17th. ICT-related risk management system established by DORA ends with its public supervision and the eventual sanction of its infringements by financial entities.

18th. Supervision of the ICT-related risk management system established by DORA can be of two types: First, private supervision by the financial entities themselves or self-supervision.

19th. Public supervision by the competent authorities is organized at three levels: European Supervisory Authorities, through the Mixed Committee, Supervisory Forum and Designated Supervisor for each essential third-party provider of ICT services who will be assigned the tasks and powers of request, information and inspection, over supervised entities located inside and outside the EU.

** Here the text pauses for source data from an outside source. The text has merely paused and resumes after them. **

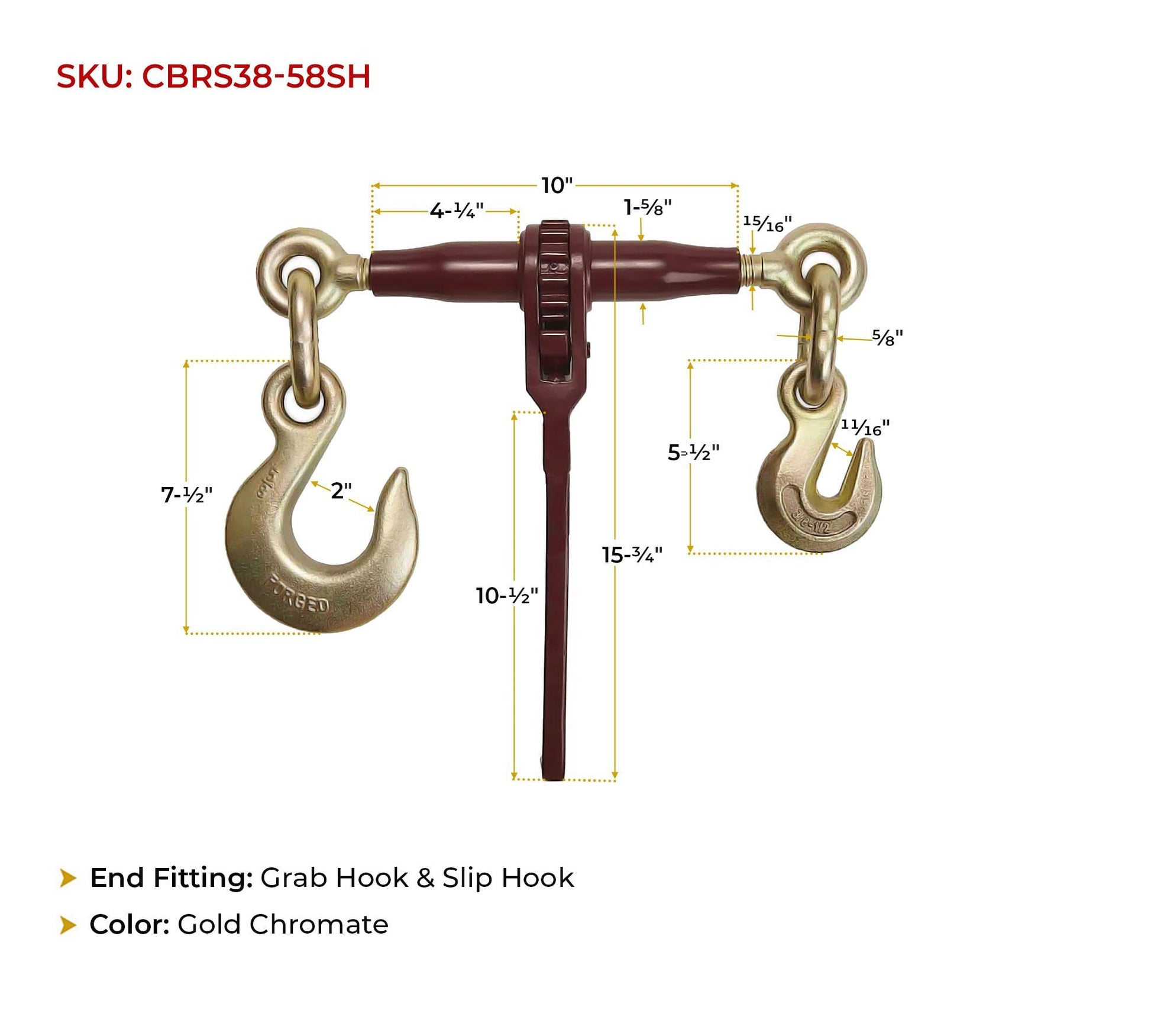 - End Fittings: 3/8"-1/2" Grab Hook & 5/8" Slip Hook
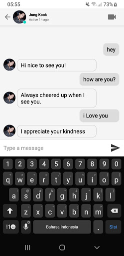 Chat With Bts Simulation - Bts video call is an application that helps you get a call right away from Jungkook, Hope,V, Suga ... talking to Bts, Looking at Bts members from the call, it is a dream for fans of Bts music group. What are you waiting for, download the Bts Fake Call - Bts video call application right away.
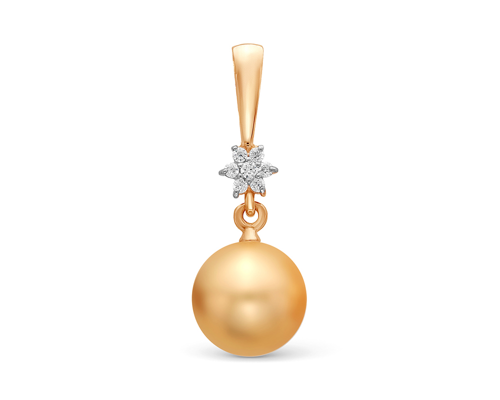 Подвеска из золота с пресноводной золотистой жемчужиной 8,5-9 мм, (6022)
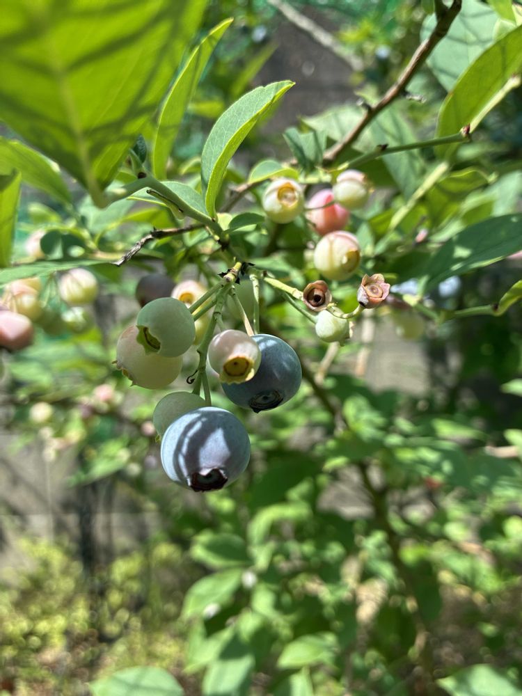 ④ブルーベリー🫐順番に色付いてます。食べ頃になると一気に大きくなる😋
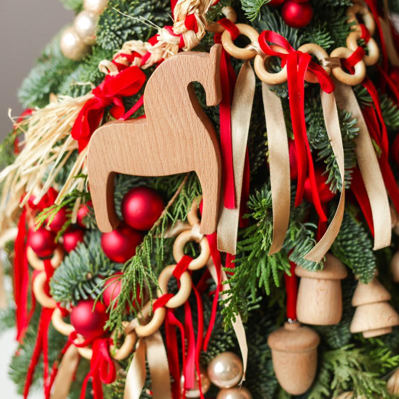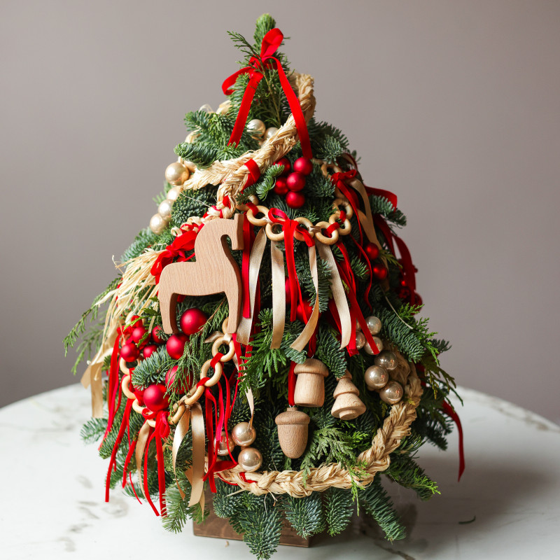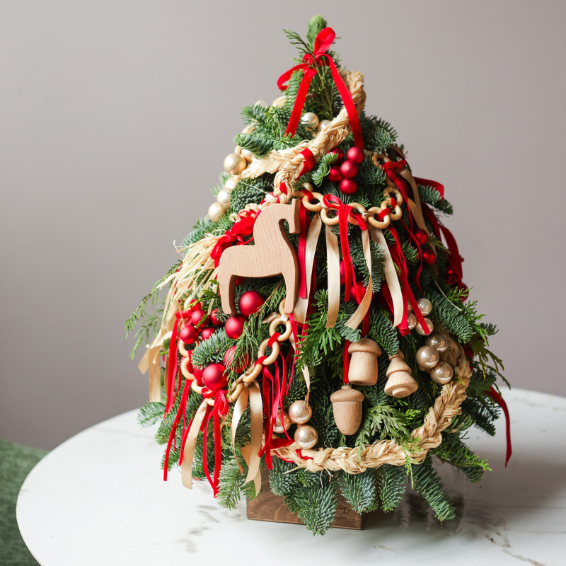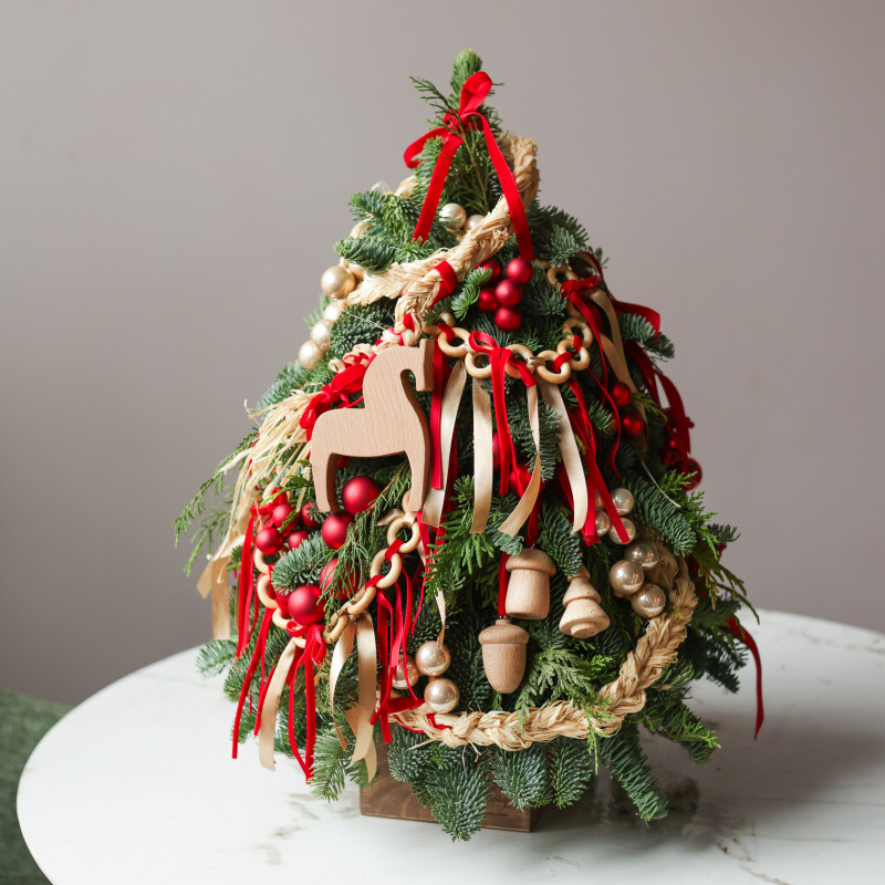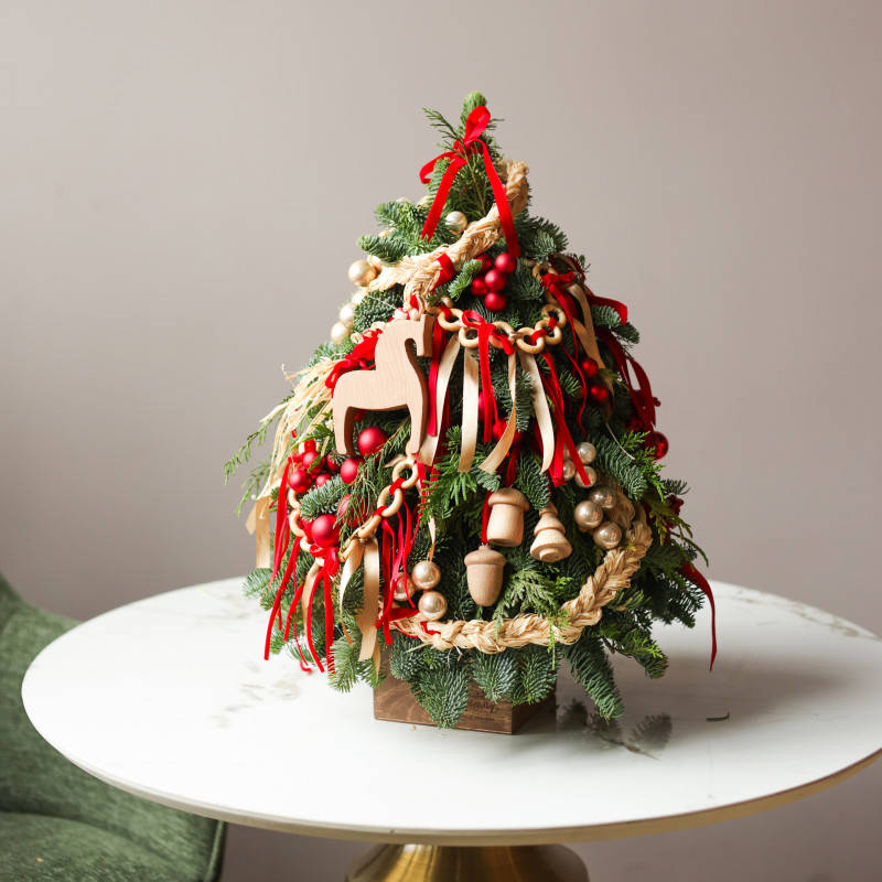 Настольная елочка ручной работы от студии «Тимьян Букет» с авторским фронтальным декором — воплощение теплой, душевной атмосферы. Выполнена из натуральной хвои, наполняющей пространство свежим ароматом леса и создающей подлинное новогоднее настроение. Фигурка деревянной лошадки в центре композиции, гирлянды баранок, миниатюрные деревянные игрушки и красные акценты создают ощущение уюта и семейного праздника. Елочка идеально подойдёт для оформления стола, комода, подоконника или каминной полки — везде, где хочется добавить ноту традиционного тепла и радости.
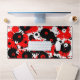 Desk mat with abstracted background white, black and red colours
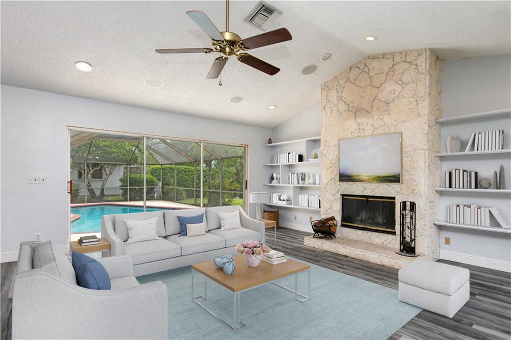 Welcome to North Springs! This no HOA community is located in beautiful NW Coral Springs & is in of the most sought after school districts in Broward County. This home features a spacious split bedroom plan, vaulted ceilings, vinyl plank flooring throughout, a very large living room, formal dining, family room, & a brand new AC (2022). The center piece of the family room is a beautiful cut coral fireplace. Looking for a space where you can relax & enjoy? The large screened in pool & patio is perfect to unwind after a long day at work or to spend time w/ family & friends. On just under a 1/4 acre fenced lot there is plenty of space for your fury friends to play. The home has privacy as it backs to a canal which is also the perfect place to do a little fishing. Don't miss out on this one!
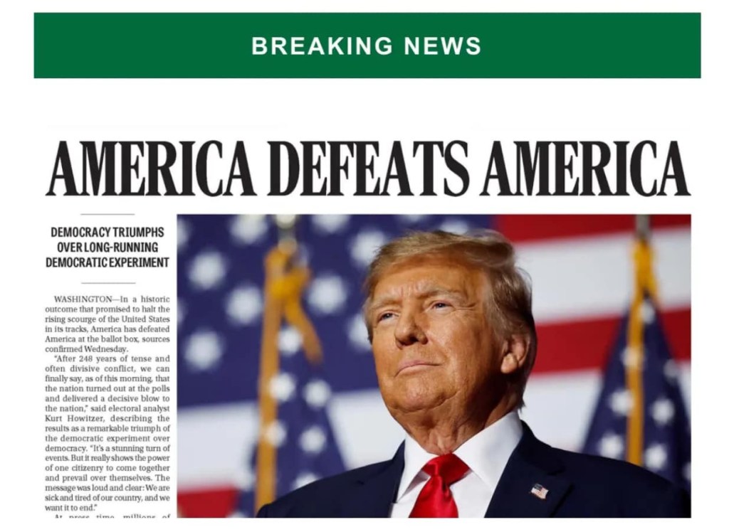 Last week, with my acceptance that Harris lost the election, came a realization that that particular battle was over. No, I’m not throwing in the towel on democracy. I will continue to work toward it. However, I’m no longer going to suit up and stare down the Hydra day after day. I’ve sacrificed a decade of my mental and physical health to an awful cult and I’m not going to give them another day. One week after winning the election, the incoming administration is already proposing a number of changes designed to undermine democracy. It’s clear to me that winning back our country will require a much longer-term strategy.
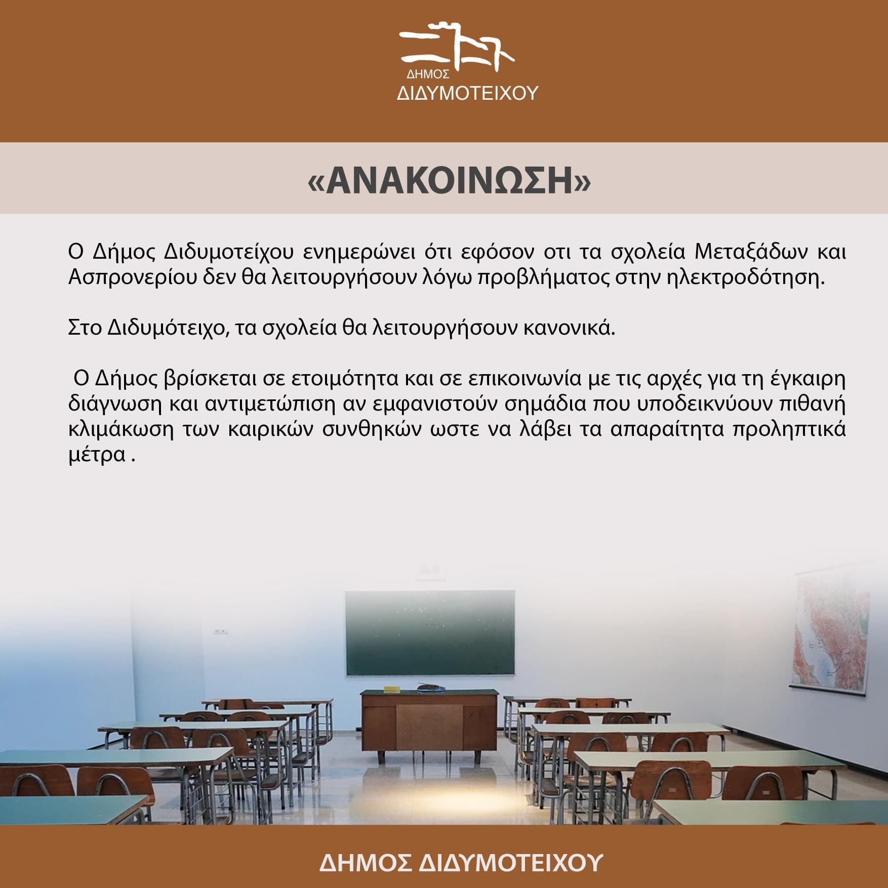 Μιλώντας στο Ράδιο Έβρος σήμερα το πρωί ο Δήμαρχος Διδυμοτείχου κ. Χατζηγιάννογλου ενημέρωσε του ακροατές ότι τα σχολεία Μεταξάδων και Ασπρονερίου θα μείνουν κλειστά. Τα σχολεία στον υπόλοιπο Δήμο Διδυμοτείχου θα λειτουργήσουν κανονικά.
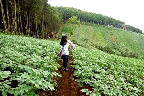 Dahulu jalannya masih berbatu, tanpa perkerasan yang membuat motor licin melaju. Terkadang lebih nyaman untuk berjalan kaki daripada naik kendaraan beroda dua ini. Maka begitu usai aspal dan bertemu jalan berbatu, melangkah lebih jauh sembari menghirup udara dan memandang langit biru adalah salah satu pilihan menarik. Sembari berjalan-jalan di antara kebun sayur hingga masuk hutan yang dipeluk kabut.
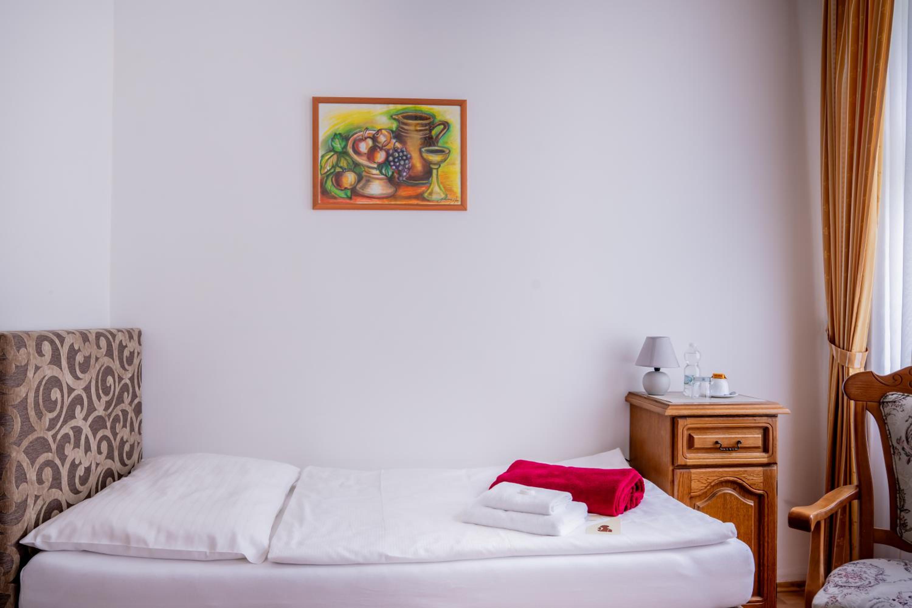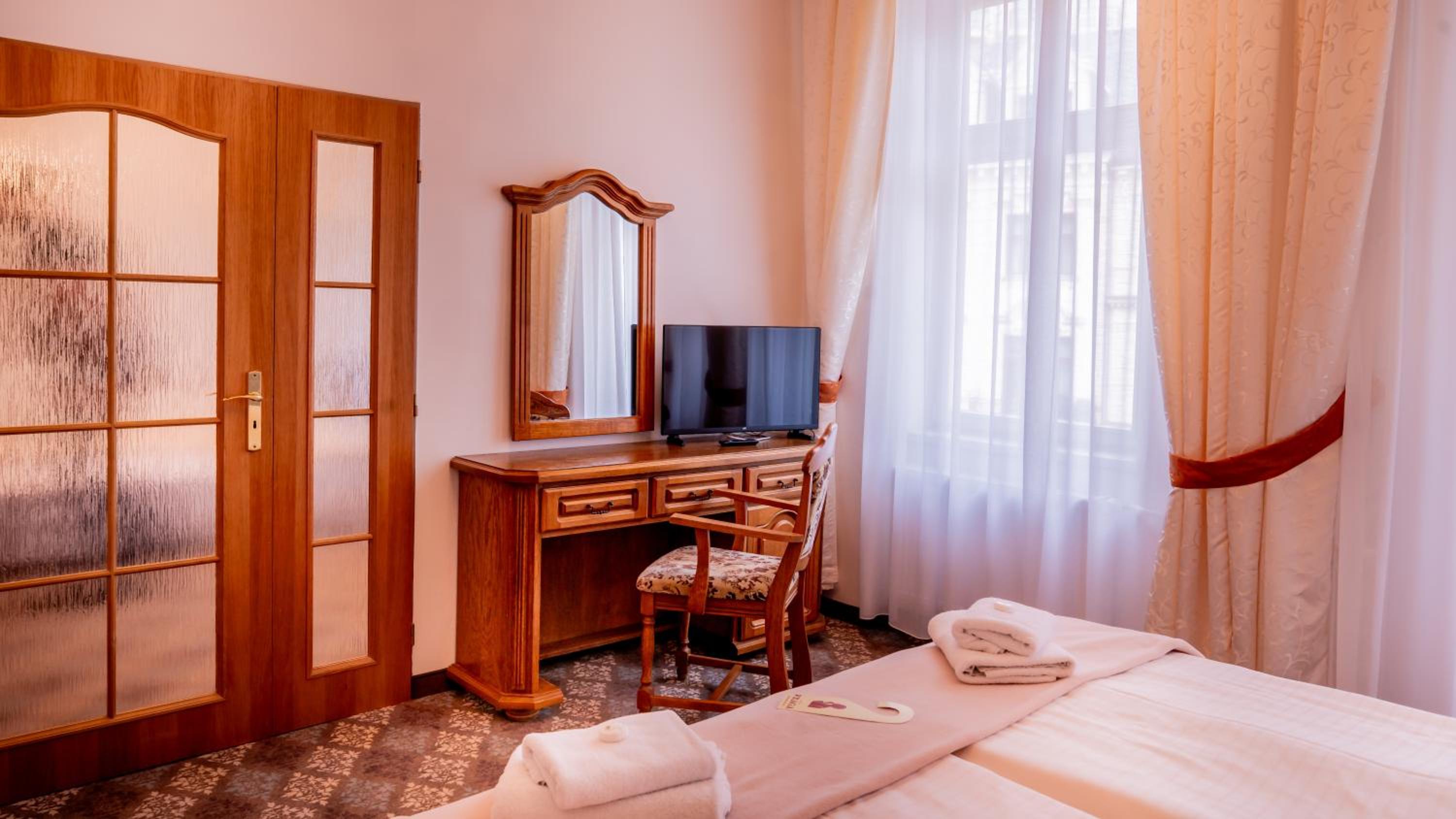Velmi fajn hotelik za výhodnú cenu. 5 minút od kolonady, a s parkoviskom, ktore však doporučujem zarezervovat dopredu. Raňajky zodpovedali cene. Mila pani recepčna.

20th. Sanctioning regime established by DORA rests on a legal relationship of administrative responsibility that is developed in the following three phases:

a) Supervision, because the competent authorities will have all the powers of supervision, investigation and sanction necessary to comply with their obligations.

b) Infringement, because the Member States of the EU must establish rules that provide for administrative sanctions and adequate corrective measures in case of infringement of the DORA and will guarantee its effective application.

c) Sanction, because the Member States of the EU must grant the competent authorities the power to apply administrative sanctions or corrective measures in case of infringement of the DORA to guarantee that financial institutions continue to comply with legal requirements.